A second-order linear system is a common description of many dynamic processes. The response depends on whether it is an overdamped, critically damped, or underdamped second order system.

$$\tau_s^2 \frac{d^2y}{dt^2} + 2 \zeta \tau_s \frac{dy}{dt} + y = K_p \, u\left(t-\theta_p \right)$$

has output y(t) and input u(t) and four unknown parameters. The four parameters are the gain K_p, damping factor \zeta, second order time constant \tau_s, and dead time \theta_p.

#### Laplace Domain, Transfer Function

In the Laplace domain, the second order system is a transfer function:

$$\frac{Y(s)}{U(s)} = \frac{K_p}{\tau_s^2 s^2 + 2 \zeta \tau_s s + 1}e^{-\theta_p s}$$

#### State Space Form

To put the second order equation into state space form, it is split into two first order differential equations.

$$\frac{dx_1}{dt} = x_2$$

$$\tau_s^2 \frac{dx_2}{dt} = -2 \zeta \tau_s x_2 - x_1 + K_p u\left(t-\theta_p\right)$$

State x_1 is the output in state space form.

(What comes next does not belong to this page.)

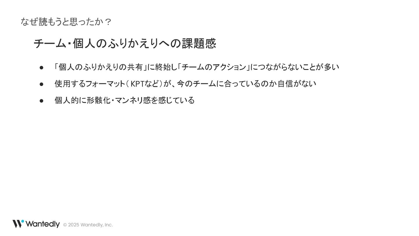 © 2025 Wantedly, Inc. なぜ読もうと思ったか? チーム・個人のふりかえりへの課題感 • 「個人のふりかえりの共有」に終始し「チームのアクション」につながらないことが多い • 使用するフォーマット(

$$\begin{bmatrix}\dot x_1\\\dot x_2\end{bmatrix} = \begin{bmatrix}0&1\\-\frac{1}{\tau_s^2}&-\frac{2 \zeta}{\tau_s}\end{bmatrix} \begin{bmatrix}x_1\\x_2\end{bmatrix} + \begin{bmatrix}0\\\frac{K_p}{\tau_{s}^2}\end{bmatrix} u\left(t-\theta_p\right)$$

$$y = \begin{bmatrix}1 & 0\end{bmatrix} \begin{bmatrix}x_1\\x_2\end{bmatrix} + \begin{bmatrix}0\end{bmatrix} u$$

#### Process Gain, K_p

The process gain is the change in the output y induced by a unit change in the input u. The process gain is calculated by evaluating the change in y(t) divided by the change in u(t) at steady state initial and final conditions.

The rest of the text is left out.